For soil S2 and all the S1- and S2-mixtures, k_sat was determined using rigid-wall, compaction-mold permeameters (according to ASTM D5856-95 [34]) by applying test method B (constant tailwater level). This test method can be used on laboratory compacted specimens having a hydraulic conductivity below or equal to 1 × 10⁻⁵ m/s. ASTM D5856-95 standard [34] recommends that the permeameter inner diameter (D) be equal to or larger than 6 times the maximum grain size (d_max) of the specimen (i.e., D/d_max ≥ 6) to prevent segregation of the materials and to reduce the formation of preferential paths on the walls. Based on the GSD curves presented in Section 2.1, d_max was 10 mm for the S1-mixtures and 72 mm for soil S2 and the S2-mixtures, indicating that a permeameter diameter D ≥ 60 mm and ≥432 mm should be used, respectively. The compaction molds available in the laboratory had diameters of 116.4 mm and 152.4 mm. For the S1-sludge mixtures, compaction procedure A was selected for the molds with diameters of 116.4 mm and 152.4 mm (D/d_max=10mm ≈ 12 and 15, respectively).

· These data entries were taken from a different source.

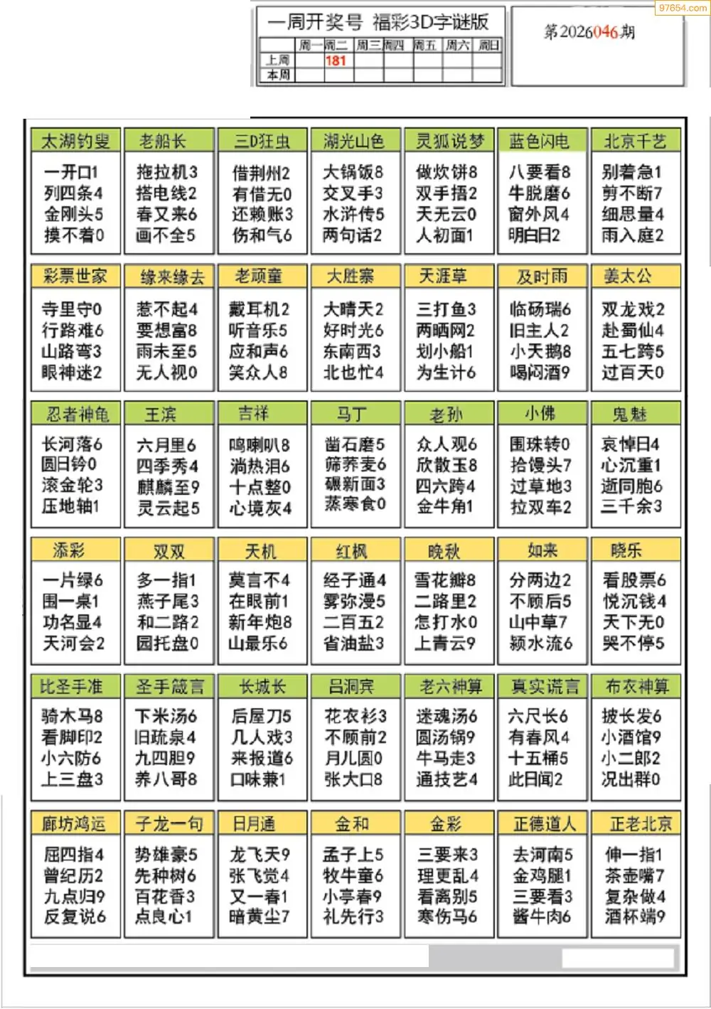 26年046期3d选号彩报图谜画谜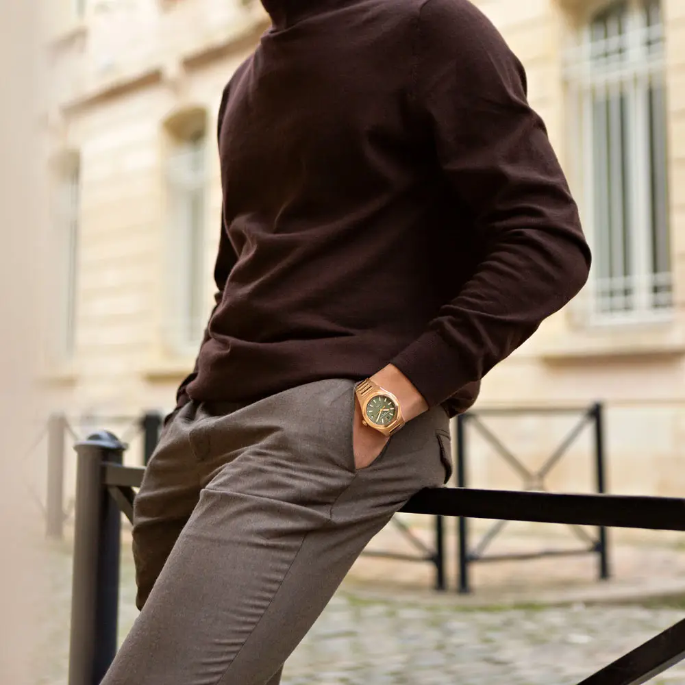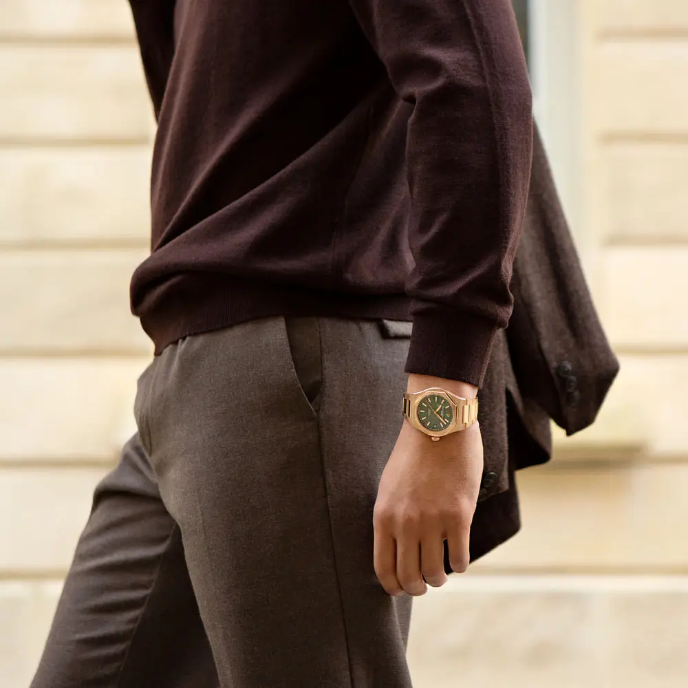 Pod odolným safírovým sklem se nachází výrazný zelený analogový ciferník, který přináší moderní a svěží nádech, doplněný praktickou datumovkou na tradiční pozici. V srdci hodinek pracuje precizní mechanický strojek s automatickým nátahem Caliber GP01800, který nabízí rezervu chodu přibližně 54 hodin, vysokou frekvenci 28 800 vph (4 Hz) a garantuje špičkovou přesnost a spolehlivost.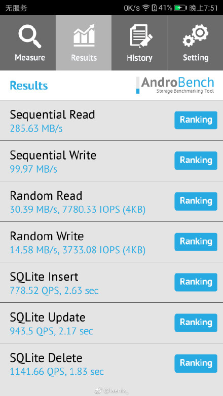 百度貼吧曝光的華為P10用戶對(duì)閃存讀寫(xiě)速度的測(cè)試,出現(xiàn)巨大差異,讀寫(xiě)速率在200-800MB/s之間不等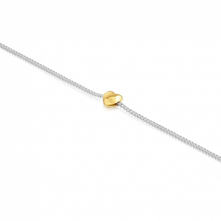 Браслет TOUS My Other Half из серебра 925 пробы с мотивом сердца из серебра 925 с покрытием Vermeil . Размер сердца 7 мм. Длина браслета: 17,5 см. Застежка в виде лобстера. Изделие из серебра 925 пробы с позолотой от 18 до 23 карат толщиной 3 микрона. Такое качество гарантирует большую долговечность украшения.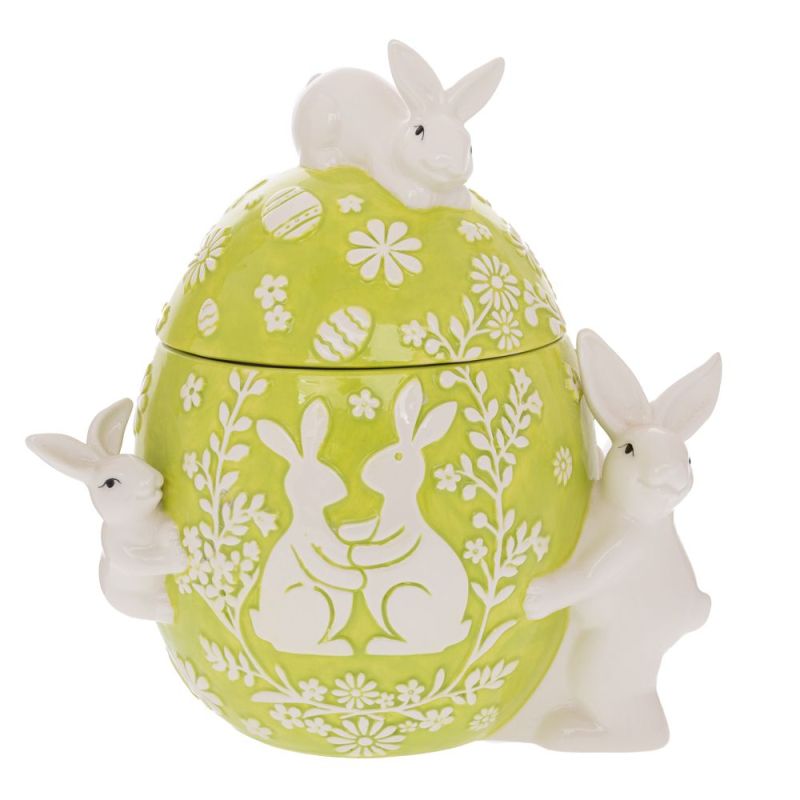 ЗЕЛЕН КЕРАМИЧЕН БУРКАН ЗА БИСКВИТКИ С ФОРМА НА ЯЙЦЕ СЪС ЗАЙЧЕТА 25X20X30 СМ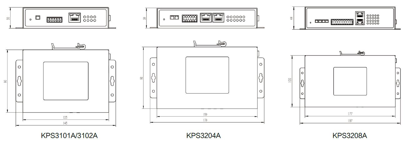 | 物理特性 | 外殼 金屬 尺寸(WxHxD) KPS3101A:30mmx123mmx90mm KPS3102A:30mmx123mmx90mm KPS3204A:30mmx150mmx92mm KPS3208A:44mmx177mmx100mm 包裝尺寸:250mmx200mmx70mm |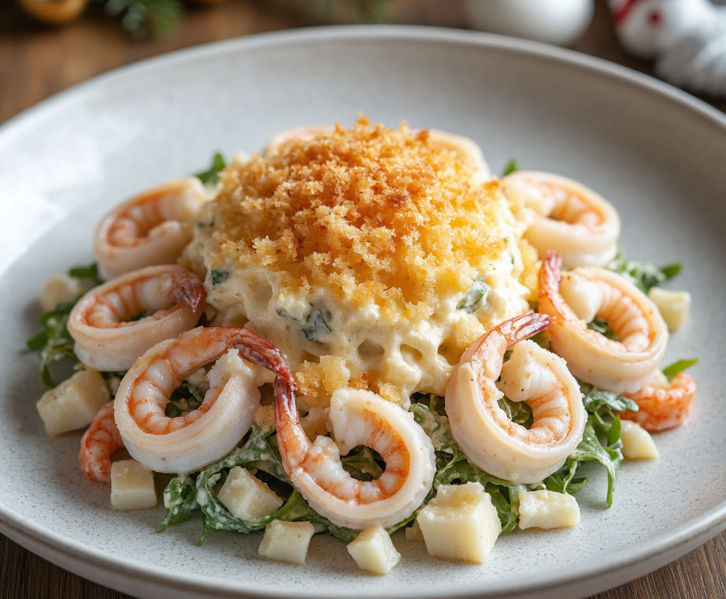 Этот салат — воплощение зимней свежести и праздничного настроения. Нежные, правильно приготовленные кальмары, хрустящие свежие овощи и облако тертого сыра создают изысканное и очень легкое блюдо, которое станет жемчужиной новогоднего стола. Секрет — в контрасте текстур и чистоте вкусов, где ни один ингредиент не перебивает другой, а лишь дополняет общую гармонию.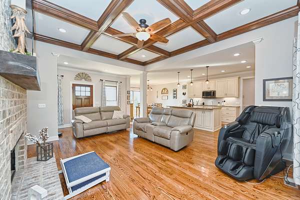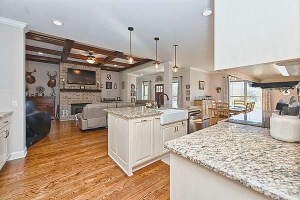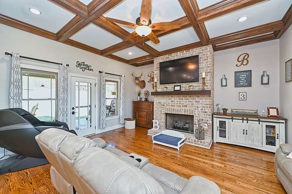This beautiful place is can be where you call home. Located in a great location convenient to all the amenities and easy interstate access. The home sets on 2 acres and includes a free-flowing family area making up the kitchen, dining room and living room. Attention is quickly drawn to the coffered trey ceiling in the living room and the brick fireplace with gas logs. The master suite with his and her walk-in closets, a large tiled shower, as well as two separate vanities provides a lot of convenience. Walk in closets are also included in the second and third bedrooms. Above the two-car attached garage is an unfinished 453 square foot bonus room that gives the opportunity for the buyer to design some added space however they choose. A 30 x 50 detached shop with 12-foot lean to, 14 foot garage door with 3 additional walk out doors, within the detached garage is a 20x20 living room, 10x10 bathroom with a shower, vanity and toilet, 10x10 storage area, the shop has a stove outlet and a utility sink, this awesome space provides plenty of room to entertain family and friends. Located above the shop is 600 square feet of floored storage. Come see what all this special property offers.

For soil S2, the granular fraction passing the 14 mm sieve (i.e., soil S2-U, with only about 10% retained on the 4.75 mm sieve; see Section 2.1) and the derived soil-sludge mixtures were compacted in molds with diameter of 152.4 mm (D/d_max=14mm ≈ 11) following procedure A. Five tests were performed on each sample and the arithmetic mean was used as the average k_sat value.

The saturated hydraulic conductivities (k_sat) were determined for the soils S1 and S2 compacted to a compaction ratio of 98% on the wet side of the Proctor curve. Soil-sludge mixtures were compacted at the highest sludge content (β) corresponding to 98% of the maximum dry density obtained on the compaction curve when varying β, as described in the previous section. Details on the selected mixtures tested are presented in Section 3.4.

The water retention curves (WRCs) were determined for soil S1 in a column according to ASTM D6836-16 [35]. Considering potential suction-induced volume change or shrinkage in soils containing a fine fraction, the WRCs of soil S2 and all soil-sludge mixtures were obtained using a 100-bar (10,000 kPa) pressure plate extractor (Soilmoisture Equipment Corp., Goleta, CA, USA) according to ASTM D6836-16 [35]. Shrinkage can be expressed in terms of change of porosity (n) or void ratio (e) with respect to the suction (Ψ), i.e., n(Ψ) or e(Ψ) [36]. In the case of suction-induced volume change, a representative air entry value (AEV) must be determined on the WRC expressed in terms of variation in the degree of saturation S_r(Ψ) instead of the volumetric water content θ(Ψ) [36]. The 100-bar pressure plate extractor is provided with a dozen soil sample retaining rings of 50 mm inner diameter and 10 mm height. After each applied pressure level, a ring can be removed and used to determine the volume of the sample, i.e., n(Ψ). However, these rings are best suited for fine materials and not for soil S2 or mixtures that contain coarse particles (up to 70 mm). In accordance with hydraulic conductivity tests, larger and thicker soil sample retaining rings were required to prevent segregation of the material and to reduce the formation of preferential paths during fluid flow. Hence, rings of 90 mm inner diameter and 30 mm height were used. The maximum particle size was then limited to 14 mm (D/d_max = 6.4) instead of 70 mm. Given the inner volume of the extractor, only two samples could be tested simultaneously. Details on the selected mixtures tested are provided in Section 3.5.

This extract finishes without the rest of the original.